You are in a position where it's incredibly hard to separate the negative aspects in your life and it's highly plausible to assume that your current home and family life are fuelling the increased anxiety (certainly not helping that's for sure).

My opinion would be (others will likely differ), that if you have no way of changing your living arrangements or have access to therapy, then you need to try and deal with the anxiety and home situation as two separate issues.

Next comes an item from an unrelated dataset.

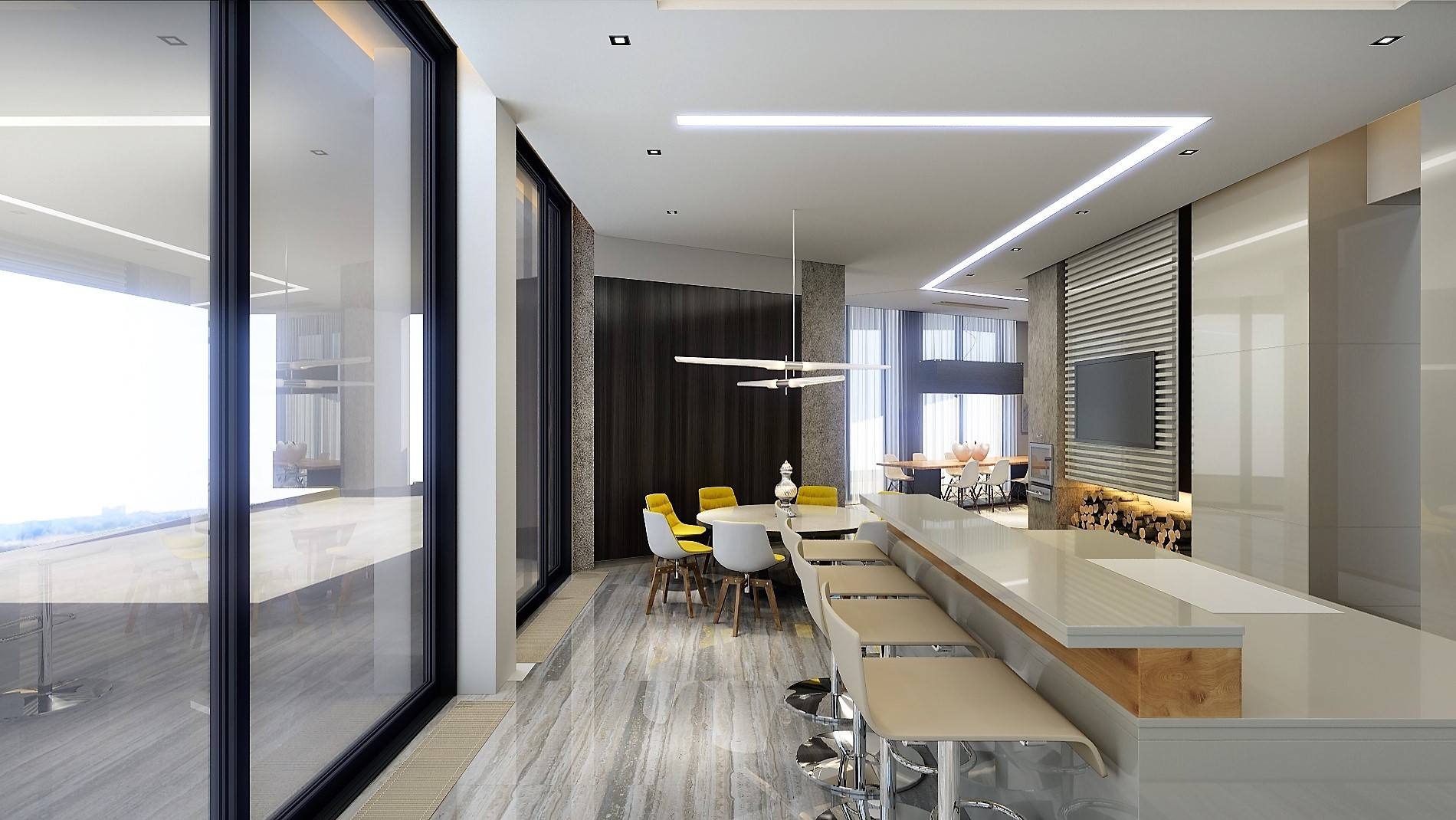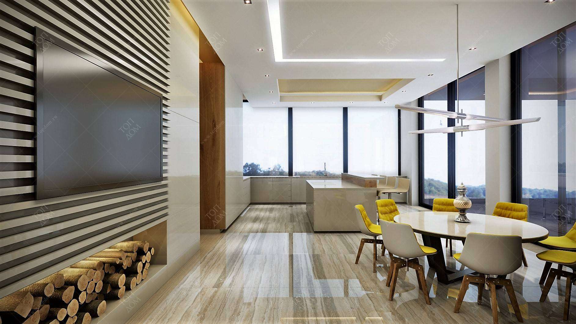 Обеденную группу стильный дизайн интерьера акцентирует ярко-желтой обивкой стульев и авторским светильником, напоминающим лопасти вертолета. Стена с телевизором выделена декоративными планками, ниша с дровами подсвечена желтым, поддерживая оформление стульев.

1. Read around the various threads (stickies on the main forum page are a good place to start) to educate yourself on the various techniques and suggestions of limiting the effects of the anxiety/depression to try and prevent it escalating. Until you are in a position to seek professional help (perhaps do a web search to see if there are any local support/charity organisations you can access for free. (I'm assuming you are in the US, so I'm taking a guess that this will be a long shot).

2. As difficult as it is, accept the home and family situation as something beyond your control until you can get out, I don't know your full story/background, but from what you mention in your post, this situation with your parents is unlikely to change.

Focus on yourself wherever possible, and try and find ways that work for you to manage the anxiety until you are in a financial position to get your own place and healthcare.

Thanks, I'll make sure and read the stickies later.